WILTON – It’s around 11 on a cool Wednesday morning, and inside the mammoth Nichols Development warehouse, the din of welders isn’t quite blocking out laughter down the hall.
In the office, which is adorned with a rather large trophy buck, four women sit, pads and pens in hand, chatting and laughing.
A few minutes later, and there are still playful barbs, but now they’re working, too – discussing the four disparate areas of business each is responsible for under the Nichols umbrella.
Sarah Docsinski manages Nichols Development, finding tenants for the former Bass Shoe factory and planning the company’s expansion. Terry Handrahan runs the Nichols Expo car auction and everything else that happens in the Expo center. Kelly Gordon, a welder, manages Nichols Custom Welding, which is currently making trailers to be sent to Iraq. Joan Reed is controller, and manages the books for all three.
Together, the three enterprises are helping Wilton toward an economic renaissance, nearly a decade after the Bass Shoe factory closed, taking hundreds of jobs and hundreds of thousands of dollars with it.
For the four managers, and their boss, Nichols’ owner Gil Reed, the fact women occupy the top positions at Nichols, working in what have traditionally been known as men’s jobs, is only surprising or impressive from a distance.
“I woke up one morning and went, ‘Holy cow!,'” Handrahan says, explaining she never exactly set out to become the manager of a car-sales and auction outfit.
Reed, too, says he did not plan that all four of his managers would be women. It just happened, he said. But it works.
Compared to the U.S economy at large, the Nichols arrangement is unusual.
Women are a regular fixture in the workplace these days, both on factory floors, in the boardroom, and running the gamut in between. Since the advent of the women’s movement in the 1960s, women have come to nearly match men in numbers, with 60 percent of women in the work force, compared to 74 percent of men, according a U.S. Census Bureau report.
Even so, according to the report, 91 percent of people working in precision manufacturing jobs in 1998 were men. And a www.womenof.com article says women make up only 3.1 percent of manufacturing and production managers in the United States.
“There are still a few Neanderthals out there, who believe women should be in the kitchen,” Gil Reed said.
But Gordon, Joan Reed, Handrahan and Doscinski say they’ve had no such problems since starting their jobs, even though they work mostly with men.
“In this business, the people I work with are all predominantly male,” Handrahan says. “Ninety-nine percent are men.”

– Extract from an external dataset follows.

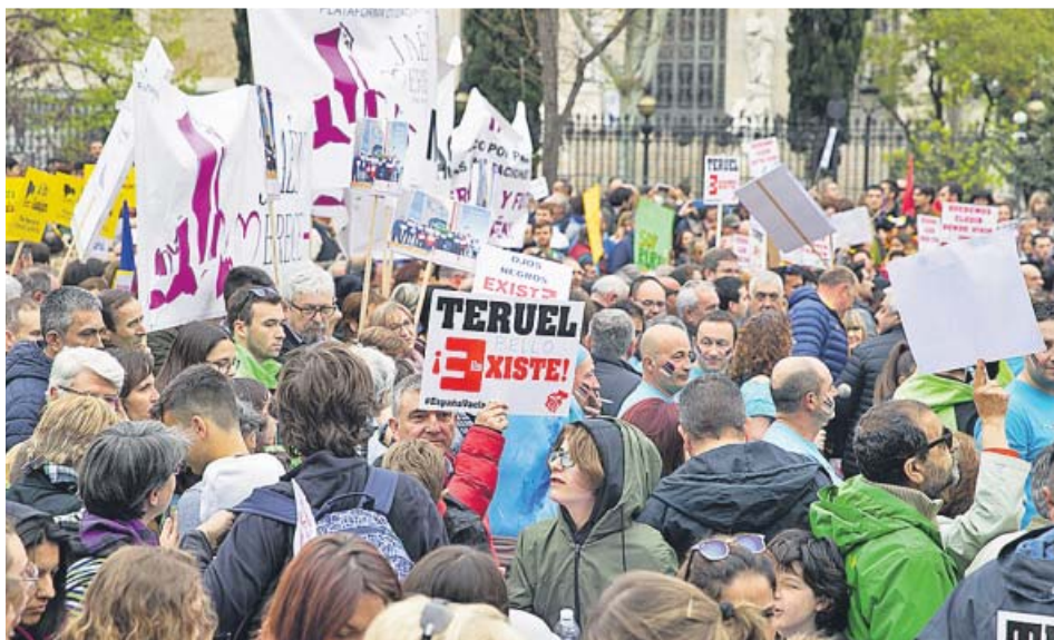
Un momento de la manifestación de la «España vaciada» celebrada en Madrid. ELENA BUENAVISTA

Mejorar el acceso a servicios básicos; políticas de empleo, sobre todo para jóvenes y mujeres, o modernizar las comunicaciones, entre las medidas más urgentes

Working for Nichols Development, Doscinski says aside from a few proposals she’s written to child care operators and gym owners, she’s yet to provide a proposal to a woman.
Most of their employees are men, too.
Working for a woman is a little different than working for a man, Nichols Custom Welding Foreman Dwayne Pratt says. Not to generalize, he says, but Kelly Gordon has a different attitude toward communication than some of his male bosses have.
“If you ask a question, (women) are going to tell you straight out, not beat around the bush or say ‘oh, that’s a stupid question,'” Pratt says. “It’s nice in a way, because they don’t take no crap, and they’ll pretty much tell you how it is.”
Foreman and fabricator Brandon Boivin agrees. “They’re great to me,” he said. Having never worked for women in the manufacturing business before, he said at first he wondered what it would be like. “When I have something to say, they listen,” he said. “They don’t just take in one ear and out the other. (Men) do that more than a woman would.”
So, how does being women doing jobs traditionally considered “men’s” impact their work, in their own opinions?
The four laugh when asked the question, and then the truth comes out. It’s all in the relationships.
“As a team, we’re able to be serious, but take things lighter,” Handrahan says.
“We’re usually just a pain in the rear end,” Reed says, explaining she and the others rib each other, laugh and tease one another a lot.
“We give each other support,” Doscinski says. “We have the same goal.”